Skip to content Skip to navigation
Qualifying Exam
5/13/2016 11:00 am
CoRE B (305)

Anytime Itemset Mining with Definite Guarantees

Qiong Hu, Rutgers University

Examination Committee: Prof. Tomasz Imielinski (Chair), Prof. Alex Borgida, Prof. Shan Muthukrishnan and Prof. Mubbasir Kapadia

Abstract

Mining very wide data sets with hundreds of thousands of attributes may require contiguous computation with no real time bounds. Usually, the itemset mining algorithms produce outputs only at the completion (either run to completion or provide no useful results) and are not amenable to real-time decision-making need. One solution is to turn the basic data mining methods into anytime algorithms. In literature, there are numerous anytime algorithms for classification, regression, clustering, etc. However, the direction of anytime association mining is largely unexplored.

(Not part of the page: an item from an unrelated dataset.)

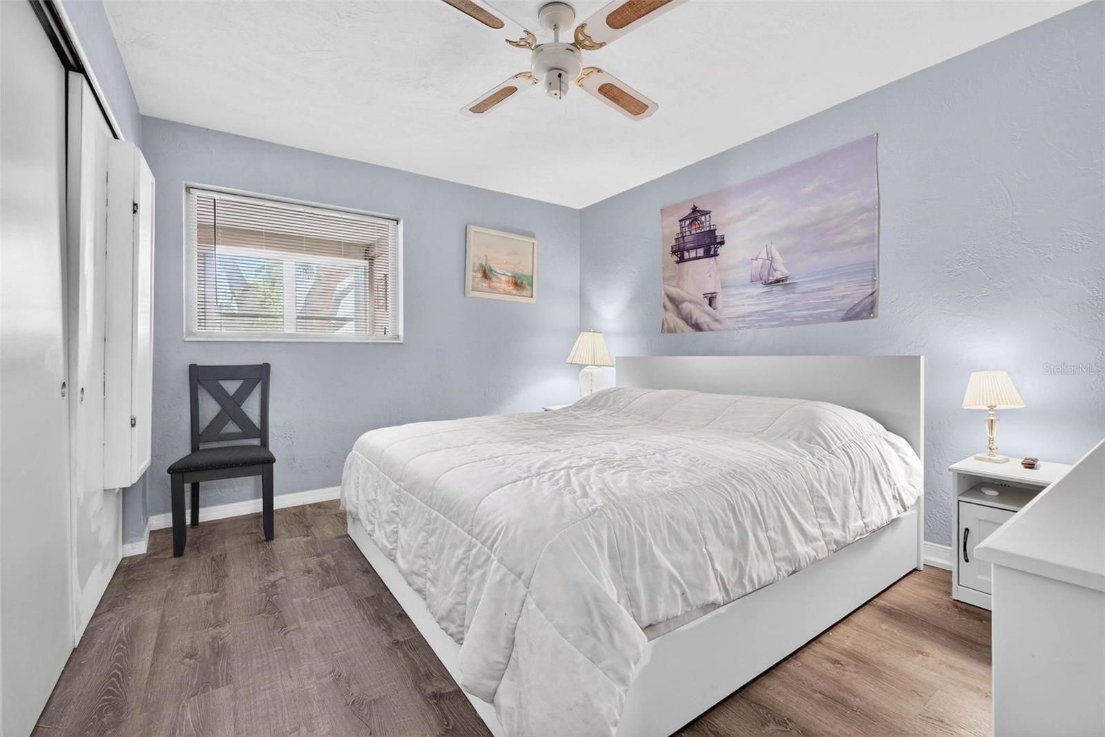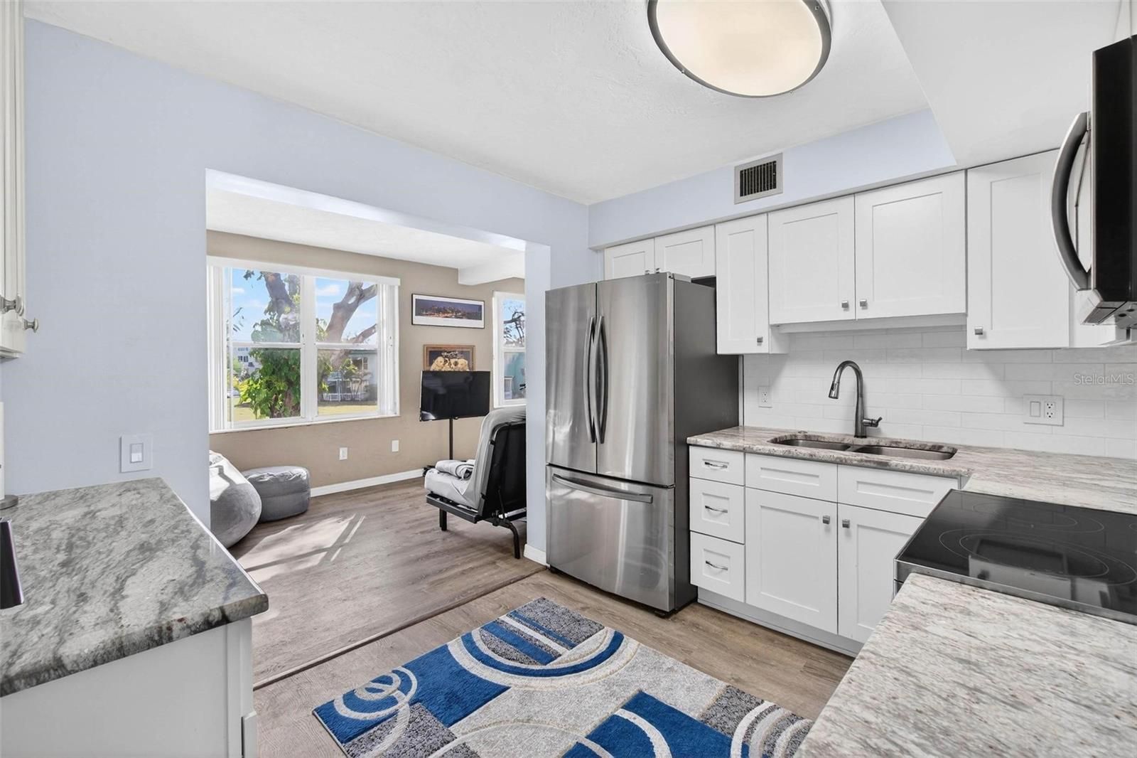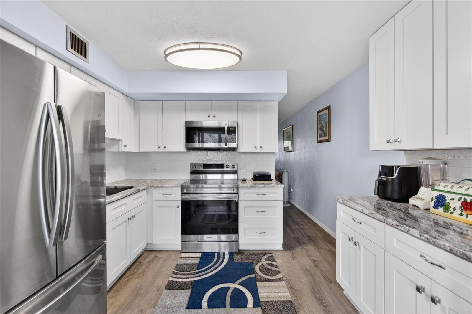 Outstanding 2 bed/1 bath, CORNER condo! Situated in a FEE SIMPLE building. With a multitude of upgrades, this spectacular condo exudes excellence. Upon arrival, you will be greeted by magnificent, luxury vinyl flooring, covering the vast majority of the home. NO CARPET ANYWHERE! The Impact Resistant front windows provide added protection and long-term peace of mind. Indulge your culinary desires in this impressive kitchen, complemented with granite countertops, stainless steel appliances, and stunning soft close cabinetry. Not to mention, extra side cabinets; with even more granite! Beyond the kitchen, relax and unwind in the Florida Room. Notice the hurricane rated back door, just steps away from the elevator, laundry, and storage room. Both bedrooms offer generous closet space. For added peace of mind, major upgrades include a replaced electrical panel in 2022, and HVAC replaced in May of 2023. Schedule your private showing today! Assigned parking. The 55+ community has two activity centers, and two private golf courses with 9 and 18 holes, free exclusively for residents & owners. There are two heated swimming pools. The remodeled Cardio Gym has the latest exercise equipment. A very pet-friendly community, there is a fenced dog park with covered seating. There are hobby studios, and a wood shop for the exclusive use of the residents. Activities include fitness classes, dancing, clubs, cards, billiards, entertainment, classes, and much more. The on-site Good Karma Café has take & bake meals and snacks. Close to beaches, transportation, shopping, entertainment, and fine dining. All room sizes, floor plans and square footage are approximate. This property is being transferred by a leasehold estate deed. Association approval is required. If financing, a 35% down payment is required.

We defined the anytime itemset mining and proposed the ALPINE algorithm, which proceeds in the defined anytime mining manner and can be interrupted at any time but offer intermediate meaningful and complete results with definite guarantees. ALPINE is, to our knowledge, the first interruptible anytime algorithm to mine frequent itemsets and closed frequent itemsets. It guarantees that all itemsets with support exceeding the current checkpoint's support have been found before it proceeds further. This ANYTIME feature is the most important contribution of ALPINE, which is also fast but not necessarily the fastest algorithm around. ALPINE runs literally "forever" and without apriori decided minsup value.